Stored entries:
▶

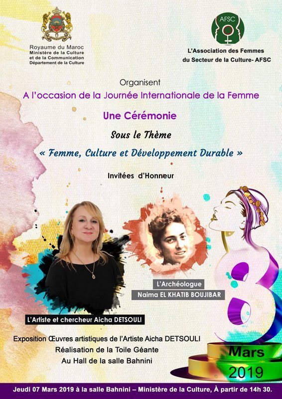 En célébration de la journée mondiale de la femme placée cette année sous le thème de« Penser équitablement, bâtir intelligemment, innover pour le changement »; L’association des femmes du secteur de la culture soutenu par le ministère de la culture et de la communication organise ; Jeudi 07 mars 2019 à la salle Bahnini de Rabat ; une rencontre culturelle en l’honneur de deux invitées de marque à connaitre : Mme Naima Khatibi Boujibar 1ère femme archéologue marocaine, dont les travaux et découvertes assez riches ont contribué à connaître l’histoire archéologique du Maroc et qui a dirigé le service de l’archéologie et le patrimoine depuis 1959 et enseigné les sciences archéologiques et du patrimoine depuis 1986 à l’Institut National des Sciences de l’Archéologie et du Patrimoine. Mme Naima Khatibi Boujibar a été décorée par l’académie française en 1981 par la palme de chevalier.
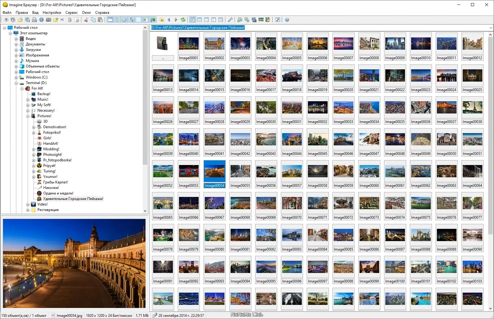 - Отображение подробной информации о файлах, включая метаданные Exif и IPTC.
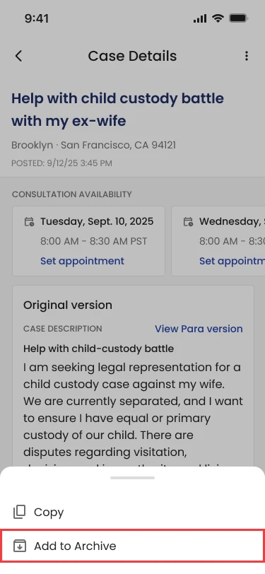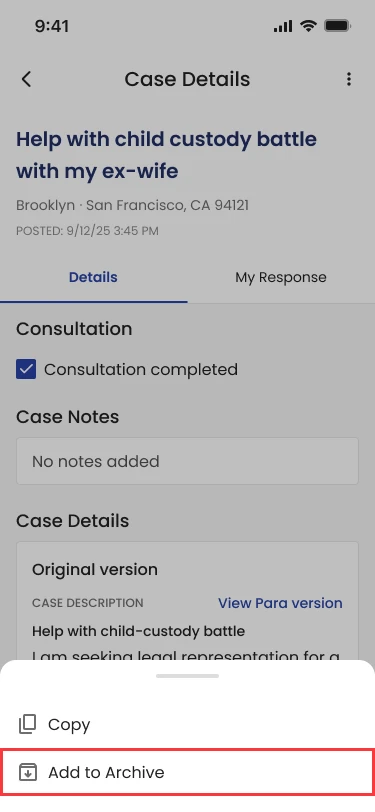 To archive a case, simply tap the three-dot “kebab” menu to access that option.
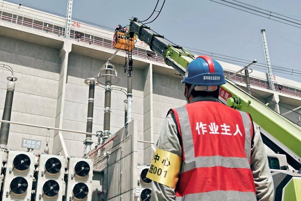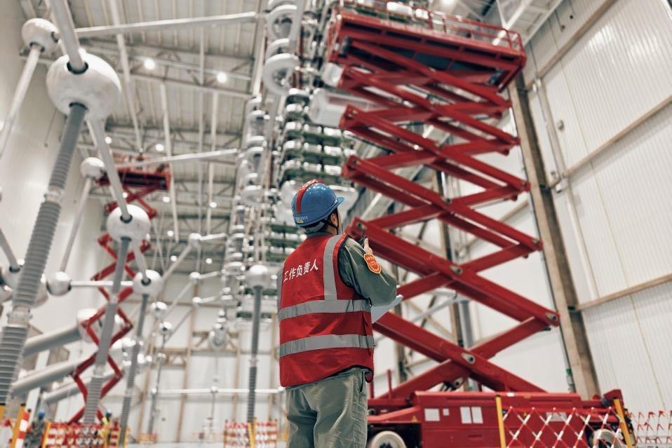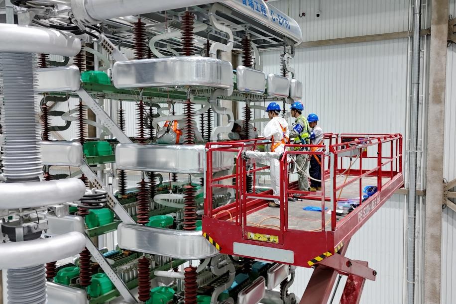 國(guó)網(wǎng)湖北直流公司特高壓檢修班高爭(zhēng)光和工作班成員在特高壓武漢換流變電站閥廳開(kāi)展換流閥電極檢查。周晨夢(mèng) 攝
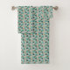 Towels with a teal floral pattern hang on a rod, and a matching washcloth is folded below. The design is vibrant and cheerful.
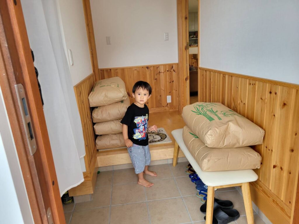 孫のイッセイ君が、玄米を積んだ玄関先で、出迎えてくれた。

◀

YOUR ASSIGNMENT: Give the entries above again word for word, without any pictures.

SOLUTION TO THIS EXERCISE:
 En célébration de la journée mondiale de la femme placée cette année sous le thème de« Penser équitablement, bâtir intelligemment, innover pour le changement »; L’association des femmes du secteur de la culture soutenu par le ministère de la culture et de la communication organise ; Jeudi 07 mars 2019 à la salle Bahnini de Rabat ; une rencontre culturelle en l’honneur de deux invitées de marque à connaitre : Mme Naima Khatibi Boujibar 1ère femme archéologue marocaine, dont les travaux et découvertes assez riches ont contribué à connaître l’histoire archéologique du Maroc et qui a dirigé le service de l’archéologie et le patrimoine depuis 1959 et enseigné les sciences archéologiques et du patrimoine depuis 1986 à l’Institut National des Sciences de l’Archéologie et du Patrimoine. Mme Naima Khatibi Boujibar a été décorée par l’académie française en 1981 par la palme de chevalier.
 - Отображение подробной информации о файлах, включая метаданные Exif и IPTC.
 To archive a case, simply tap the three-dot “kebab” menu to access that option.
 國(guó)網(wǎng)湖北直流公司特高壓檢修班高爭(zhēng)光和工作班成員在特高壓武漢換流變電站閥廳開(kāi)展換流閥電極檢查。周晨夢(mèng) 攝
 Towels with a teal floral pattern hang on a rod, and a matching washcloth is folded below. The design is vibrant and cheerful.
 孫のイッセイ君が、玄米を積んだ玄関先で、出迎えてくれた。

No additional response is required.